Why is Aston Martin in trouble?
While the coronavirus pandemic has hit the car industry hard, especially in Europe, the harsh reality is Aston Martin was in trouble long before the global health emergency. The brand’s sales were down more than 20 per cent in 2019, with the still relatively new Vantage and DB11 failing to resonate with the sports-car clientele.
The poor sales had an unsurprisingly negative impact on the company’s share price, with Mr Palmer floating the brand in 2018. Since that time the share price has dropped by as much as 90 per cent at times. Without a larger parent company to help bail it out in the lean times, the brand was in considerable financial trouble by the end of 2019.

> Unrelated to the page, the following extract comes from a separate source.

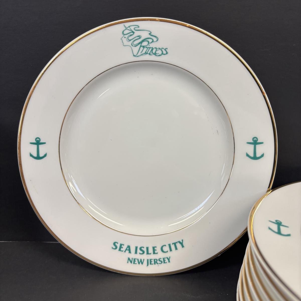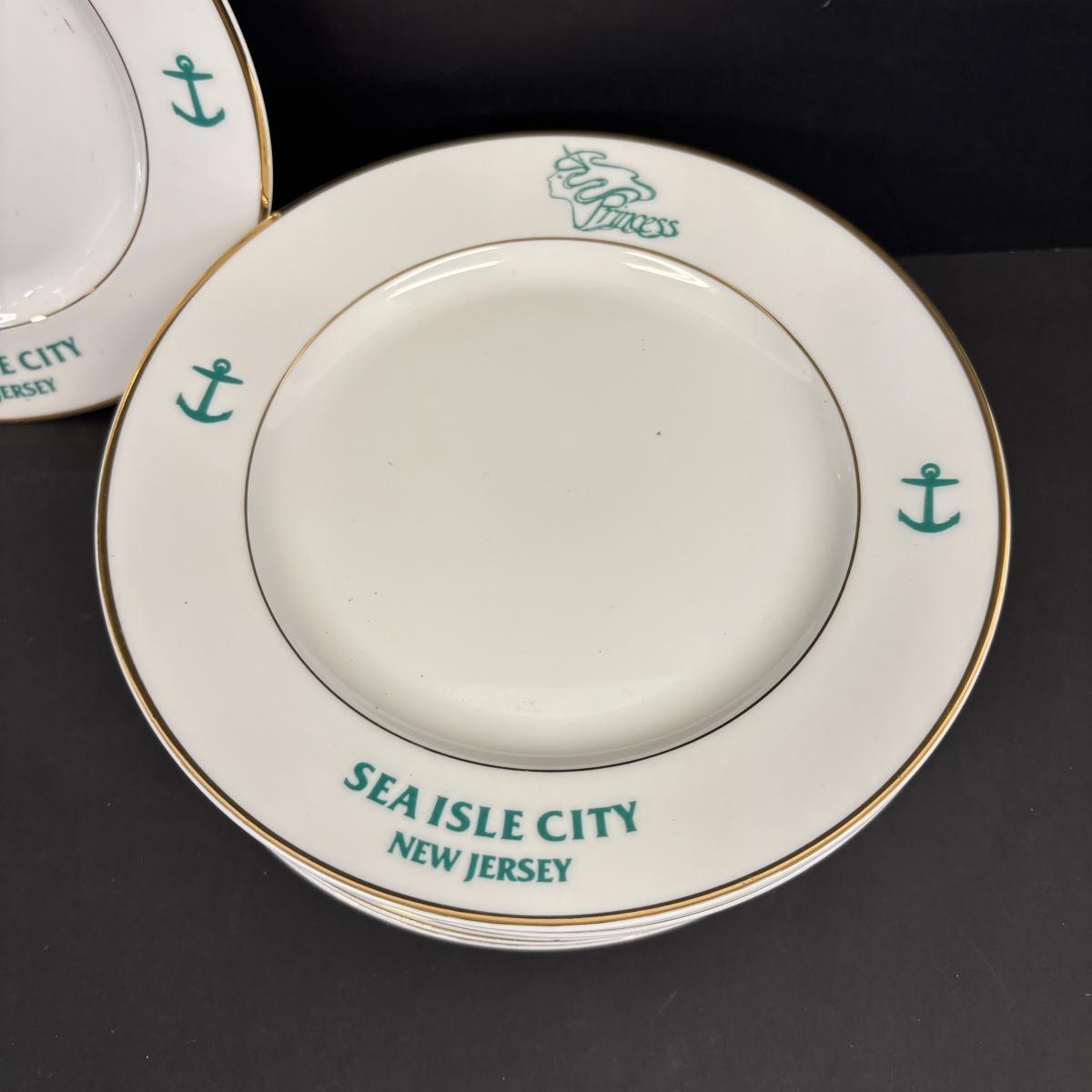 LOT 91: Vintage Trump Princess Sea Isle City, NJ Nautical Yacht Dessert Plates, Scentsy Coast Guard Warmer & Loster Feast Tableware

Enter Canadian billionaire Lawrence Stroll to try and save the brand once again. He led a consortium that invested £182 million ($A304m) for a 25 per cent stake in the company, and he assumed the role of executive chairman and immediately began making changes to the way the business was run.
Who is Lawrence Stroll?
Those unfamiliar with the corporate world of fashion and Formula One will likely be unfamiliar with Mr Stroll’s name. The 60-year-old has amassed a fortune of more than $2 billion by investing in some of the world’s most famous fashion labels in need of assistance. He and his business partner helped turn Tommy Hilfiger and Michael Kors into global brands and got rich in the process.
Mr Stroll is a die-hard car fan, owning several high-profile Ferraris, including a 250 GTO and LaFerrari, as well as the Mont-Tremblant racing circuit in Canada. This love of fast cars led to his son, Lance, becoming a F1 driver with Williams, and eventually the senior Stroll bought the struggling Force India F1 team, renaming it Racing Point and installing his son as driver.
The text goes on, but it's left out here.